AbbVie announced that the European Commission has approved AQUIPTA (atogepant) for the acute treatment of migraine in adults with or without aura, to be taken as needed. The decision gives AQUIPTA a second indication in the European Union, where it is now authorized both as an acute treatment for migraine attacks and as a once-daily preventive option for adults with chronic or episodic migraine who experience at least four migraine days per month.
The approval is based on the pivotal Phase 3 ECLIPSE trial, which evaluated AQUIPTA 60 mg versus placebo for the acute treatment of migraine in adults with a history of migraine, with or without aura. The study met its primary endpoint, showing that AQUIPTA was superior to placebo in achieving pain freedom at two hours after treatment of the first migraine attack, with sustained pain freedom from 2 to 48 hours and a clinically meaningful, consistent effect across multiple attacks. The trial also showed statistically significant benefits over placebo on several secondary endpoints, including freedom from the most bothersome symptom at two hours, pain relief at two hours, reduced use of rescue medication within 24 hours, and sustained pain freedom from 2 to 48 hours.
During the 16‑week, placebo-controlled, double‑blind period, the safety profile of AQUIPTA was generally consistent with its use in migraine prevention, with nasopharyngitis and upper respiratory tract infection reported as the most common adverse events. AbbVie said the new indication broadens its migraine portfolio for adults in the EU, expanding treatment choices for people living with migraine.
Roopal Thakkar, M.D., executive vice president, research and development, and chief scientific officer at AbbVie, said the approval represents an important milestone for patients needing acute migraine treatment and noted that clinical data show fast and lasting relief, including sustained pain freedom up to 48 hours.
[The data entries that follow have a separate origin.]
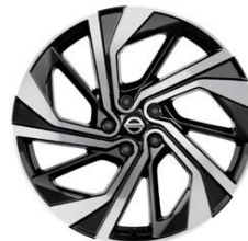
20" Disky kolies z ľahkých zliatin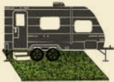
Untergrund für Wohnwagen und -mobile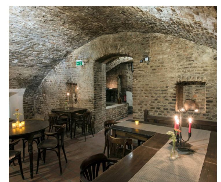
Relikte des ehemaligen Klosterkellers unter den Häusern zwischen Quirinus- und Münsterstraße bei der Freilegung 1979 (Stadt Neuss, Amt für Stadtplanung, Abt. Bodendenkmalpflege) und nach dem Umbau zum Weinlokal „Stiftskeller“, um 2000 (Foto: Thomas Mayer, Neuss)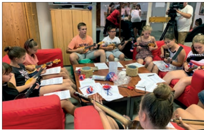
Tamburaška sekcija, prijedpodnevni sat instrumentalne glazbe

Kamp je organiziran u matičnoj domovini, u Vlašićima na otoku Pagu, od 24. do 29. lipnja, u Kulturnom-prosvjetnom centru i odmaralištu Hrvata u Mađarskoj. Tijekom jednodnevnoga kampa djeca su mogla birati među raznim aktivnostima, osim svakodnevnih sati podučavanja tambure i plesa. Petnaestero polaznika sudjelovalo je tamburaškoj, a petnaestero plesnoj sekciji. Bilo je tako mogućnosti i za kreativne radionice i za učenje i vježbanje hrvatskoga jezika, učenje pjesama i metodike pjevanja tradicionalnih pjesama, koja se strogo veže uz narodnu glazbu, folklor,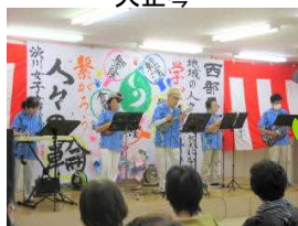
ハワイアンバンド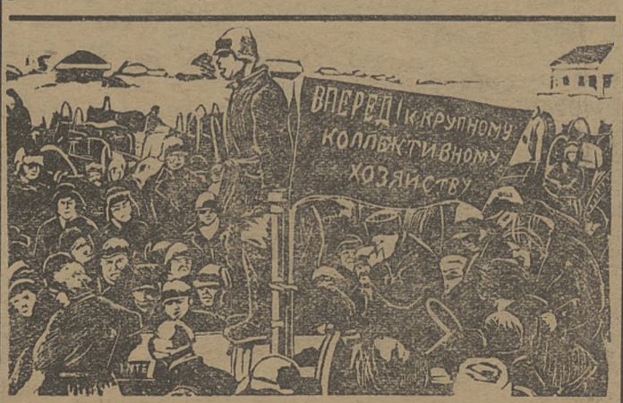
Митинг в селе, проведенный коммуной „Карл Маркс“. На митинге присутствовало несколько сот человек.

Укрупнение совхоза предполагается произвести за счет территории, принадлежащей казачьему населению, где имеется 22 тысячи гектаров неиспользуемых земель, и свыше 80 тысяч гектаров будут взяты из числа излишков земли у земельных обществ.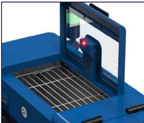
Alarma por falta de polvo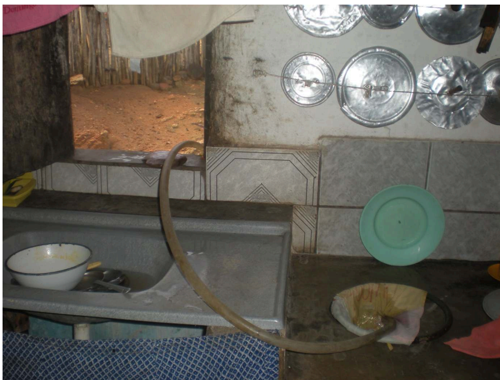
Figure 3. L'alimentation en eau vu de l'intérieur.

À défaut d'installer un système de canalisation à l'intérieur de la maison, le tuyau permet de remplir le réservoir de la cuisine. L'eau sera ensuite prélevée manuellement pour faire la vaisselle, remplir les casseroles d'eau de cuisson ou encore nettoyer les aliments.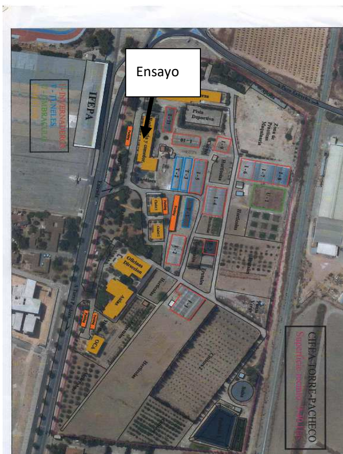
Figura 1: Plano del CIFEA de Torre Pacheco

La referencia del SIGPAC del CIFEA, es Polígono 19 parcela 9000, en la que engloba una gran cantidad de terreno, en la que está el CIFEA.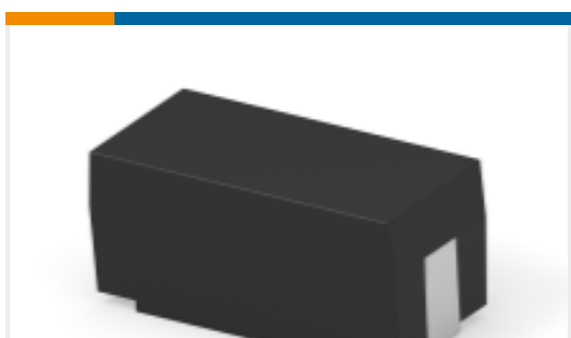
TE 产品编号6-2176619-8 SMQF2W 200K 5%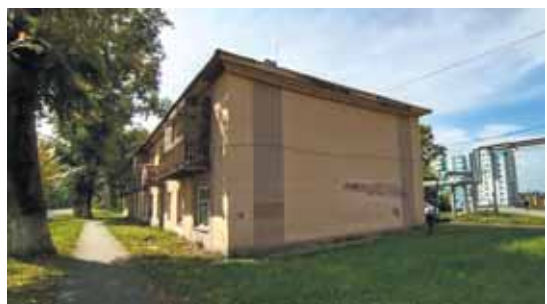
На фото: за «спинами» старых барачков возвышаются новенькие многоэтажки.

Важным для микрорайона Антипова будет и следующий год. На территории планируется строительство школы – большого современного образовательного комплекса на 825 учащихся (300 ребятишек смогут посещать начальную школу, а 525 будет учиться в основном здании). Необходимость давно назрела – причем об открытии здесь школы мечтают не только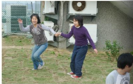
我想起童年的有一天 我看見你全心全意的旋轉 一夏宇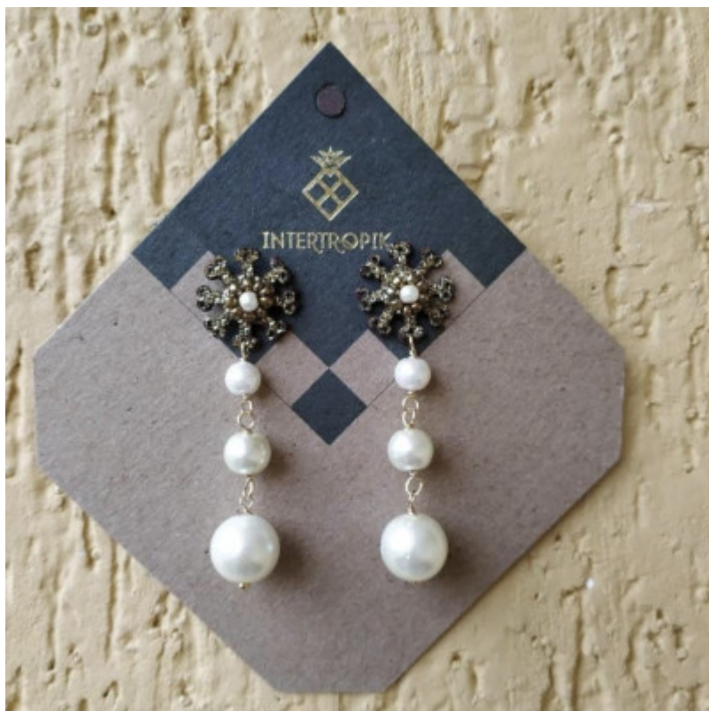
Joyas en bronce con baño de oro de 24K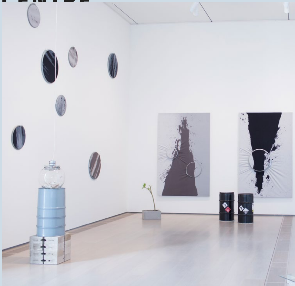
ELENA BAJO | The Owl of Minerva only Flies at Dusk (Urania's Mirror)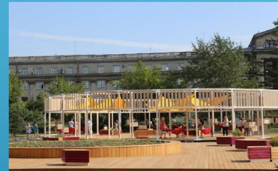
площадь Революции, Красноярск, Россия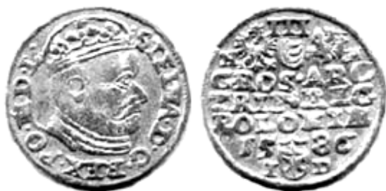
Трояк, Стефан Баторій, 1586 р.

відкрито познанський монетний двір. Тут емітували лише соліди та трояки, а також незначну кількість дукатів у 1586 р. 3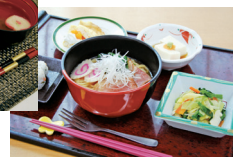
郷土料理(和歌山県)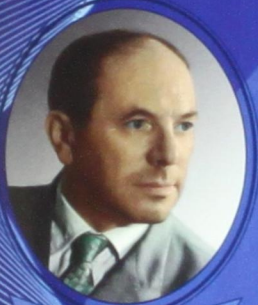
Л. В. Канторович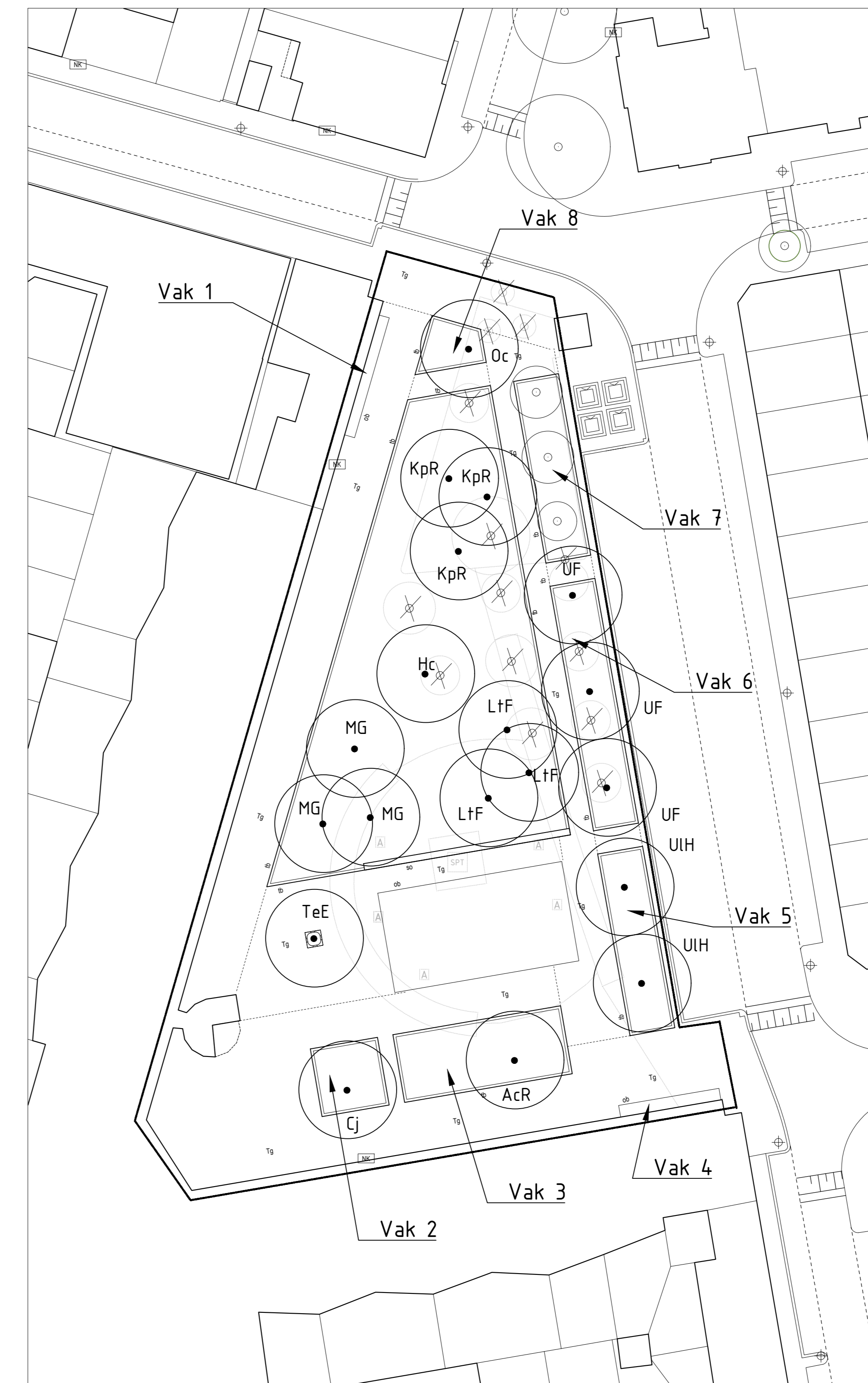
van Haeftenplein, schaal 1:250

Uwe Reuter, M.D., Ph.D., MBA, professor of neurology at Charité University Hospital in Berlin and president of the European Headache Federation, said migraine is an “invisible” disease that disrupts daily life and carries significant mental, physical and socioeconomic burdens, and that the Phase 3 data support AQUIPTA as an effective acute treatment option.
Migraine is described as a prevalent and debilitating neurological disease affecting about 14% of the global population, with higher incidence in women and particular frequency in people aged 25 to 55. Attacks can involve severe throbbing headaches, cognitive impairment, sensitivity to light and sound, and nausea, leading to substantial limitations in daily activities. Migraine is a leading cause of years lived with disability and imposes social and financial burdens on patients and health systems; an analysis from six European countries estimated that migraine accounts for 1.2% to 2.0% of gross domestic product, equivalent to €35 billion to €557 billion in lost productivity from paid and unpaid work.